# Buckeye Rack



## manbuckwal (Mar 20, 2014)

Wall art ? This is a slab off the turning challenge piece. It is 20" at the widest spot . Fast sanding with 80 grit and used deft lacquer spray for a matte finish . Drilled a hole behind each antler base and ran a piece of bailing wire around and under the base where the hair would cover it up.

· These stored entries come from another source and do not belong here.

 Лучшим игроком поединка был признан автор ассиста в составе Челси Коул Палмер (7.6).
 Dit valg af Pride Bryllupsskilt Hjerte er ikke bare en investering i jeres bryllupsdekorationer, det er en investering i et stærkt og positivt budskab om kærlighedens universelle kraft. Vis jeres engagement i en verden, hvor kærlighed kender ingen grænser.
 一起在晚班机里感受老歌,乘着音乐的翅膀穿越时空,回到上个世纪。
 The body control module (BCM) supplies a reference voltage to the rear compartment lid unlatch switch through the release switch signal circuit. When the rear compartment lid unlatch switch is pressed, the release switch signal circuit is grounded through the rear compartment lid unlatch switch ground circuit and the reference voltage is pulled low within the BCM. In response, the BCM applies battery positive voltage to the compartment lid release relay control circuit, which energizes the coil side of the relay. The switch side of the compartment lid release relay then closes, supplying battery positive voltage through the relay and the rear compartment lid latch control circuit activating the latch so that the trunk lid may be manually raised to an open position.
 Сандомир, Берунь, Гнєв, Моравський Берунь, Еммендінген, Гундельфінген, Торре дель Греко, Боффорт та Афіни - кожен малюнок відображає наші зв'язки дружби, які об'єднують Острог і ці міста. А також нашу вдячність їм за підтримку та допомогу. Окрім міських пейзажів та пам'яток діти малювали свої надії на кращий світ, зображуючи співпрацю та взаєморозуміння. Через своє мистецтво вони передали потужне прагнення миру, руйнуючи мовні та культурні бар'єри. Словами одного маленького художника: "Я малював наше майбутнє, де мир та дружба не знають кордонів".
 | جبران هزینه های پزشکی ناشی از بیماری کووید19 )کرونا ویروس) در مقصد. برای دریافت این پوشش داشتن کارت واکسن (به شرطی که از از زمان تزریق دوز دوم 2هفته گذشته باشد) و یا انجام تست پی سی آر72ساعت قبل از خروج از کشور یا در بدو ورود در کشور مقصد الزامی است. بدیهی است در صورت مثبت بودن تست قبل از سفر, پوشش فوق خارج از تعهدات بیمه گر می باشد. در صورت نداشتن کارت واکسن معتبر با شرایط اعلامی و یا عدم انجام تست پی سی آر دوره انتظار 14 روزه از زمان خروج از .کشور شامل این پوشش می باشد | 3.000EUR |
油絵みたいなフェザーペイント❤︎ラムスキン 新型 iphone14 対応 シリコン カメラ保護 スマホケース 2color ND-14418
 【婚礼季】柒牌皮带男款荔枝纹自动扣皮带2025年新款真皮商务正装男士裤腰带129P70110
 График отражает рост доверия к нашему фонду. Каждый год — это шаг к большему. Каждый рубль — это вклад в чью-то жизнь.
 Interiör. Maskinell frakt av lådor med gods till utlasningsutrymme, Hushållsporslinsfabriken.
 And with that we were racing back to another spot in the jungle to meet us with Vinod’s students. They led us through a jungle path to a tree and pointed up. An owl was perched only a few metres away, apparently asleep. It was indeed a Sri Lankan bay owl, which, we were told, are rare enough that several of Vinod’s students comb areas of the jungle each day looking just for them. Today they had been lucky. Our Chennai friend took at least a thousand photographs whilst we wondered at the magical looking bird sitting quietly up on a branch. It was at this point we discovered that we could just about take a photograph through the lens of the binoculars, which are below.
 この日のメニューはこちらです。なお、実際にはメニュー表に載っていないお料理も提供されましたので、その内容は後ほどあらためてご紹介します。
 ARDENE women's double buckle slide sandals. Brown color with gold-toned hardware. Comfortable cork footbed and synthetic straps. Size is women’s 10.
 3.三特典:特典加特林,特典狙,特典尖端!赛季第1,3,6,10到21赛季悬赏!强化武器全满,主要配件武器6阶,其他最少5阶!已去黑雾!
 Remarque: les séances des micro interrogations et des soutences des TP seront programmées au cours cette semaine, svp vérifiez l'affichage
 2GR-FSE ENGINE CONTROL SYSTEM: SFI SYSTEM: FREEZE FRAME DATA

Reactions: Like 7 | EyeCandy! 3


----------



## shadetree_1 (Mar 20, 2014)

That's pretty nice my friend!

Reactions: Thank You! 1


----------



## Tclem (Mar 20, 2014)

Niceeee makes me want to take my European mount apart and do that


----------



## hobbit-hut (Mar 20, 2014)

Very well thought out and executed. You may have to open your own art gallery !!!!

Reactions: Funny 1


----------



## ironman123 (Mar 21, 2014)

My friend, you have created a unique piece of art.

Ray

Reactions: Funny 1


----------



## hobbit-hut (Mar 21, 2014)

I get it now. Manbuckwal
You da man, got the buck, and now he's on da wall

Reactions: Like 2


----------



## manbuckwal (Mar 21, 2014)

hobbit-hut said:


> I get it now. Manbuckwal
> You da man, got the buck, and now he's on da wall




I never even noticed that lol !

Reactions: Funny 1


----------



## hobbit-hut (Mar 21, 2014)

I'm just glad you don't hunt wabbits !!!!

Reactions: Funny 1


----------



## Big Brad Va (Mar 21, 2014)

Gnarly wood and buck. Are those ~14 inch G2s?


----------



## manbuckwal (Mar 21, 2014)

Big Brad Va said:


> Gnarly wood and buck. Are those ~14 inch G2s?



12 1/2 " which is great for a blacktail .

Reactions: Like 1


----------



## SENC (Mar 21, 2014)

Manwabbitwal?

Reactions: Funny 2


----------